I’ve always liked short stories but fell utterly and irrevocably in love with this form of literature as an undergrad at Appalachian State University, where I stumbled by pure chance upon Modern American Lit with Ron Coulthard and was soon introduced to two writers I’ve admired and adored ever since: Flannery O’Connor and Eudora Welty. Since then, there have been so many short story writers I have loved: Raymond Carver, John Cheever, Donald Barthelme, Franz Kafka, T.C. Boyle, Alice Munro, Bobbie Ann Mason, Richard Ford, Barry Hannah. And that’s barely a beginning. Recently, I discovered the stories of two fairly new women writers, Kelly Link (Magic for Beginners) and Aimee Bender (The Girl in the Flammable Skirt). Both owe something to the influence of the marvelously original and endlessly fascinating Barthelme, who in turn owed something to Kafka, but both have managed to carve out their own unique space, writing in voices as lyrical as their subjects are surreal and wondrous. If you have a taste for the unusual, they should be near the top of your reading list. The late, great Hunter S. Thompson once wrote, “When the going gets weird, the weird turn pro.” Believe me, Link and Bender are true professionals, and their stories are magically delicious.
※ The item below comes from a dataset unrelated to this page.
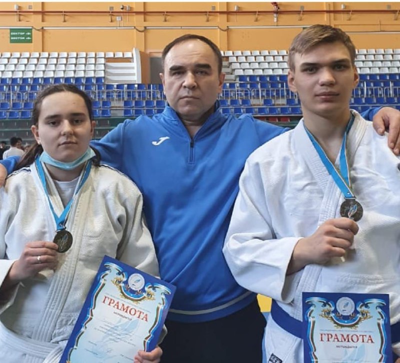 С тренером и одноклубником на чемпионате республики в Якутске в 2021 году. Фото предоставлено героиней материала.

Art Brut, Bang Bang Rock and Roll

These young Brits sometimes channel the early Clash, sometimes Johnny Rotten (albeit with a sunnier disposition and a better sense of humor), but not to any political end. They’re not out to save the world — or destroy it. They just want to rock out and have a good time, in which they succeed and then some. They make fun of themselves (“We write the songs that make Israel and Palestine get along”), consider a move to L.A. so they can hang with Axl Rose, remember an old girlfriend, and complain about being bored with the Velvet Underground. Great hooks, great fun, and it never lets up. All in all, an absolute blast, the freshest breath of pure rock and roll produced by anyone last year.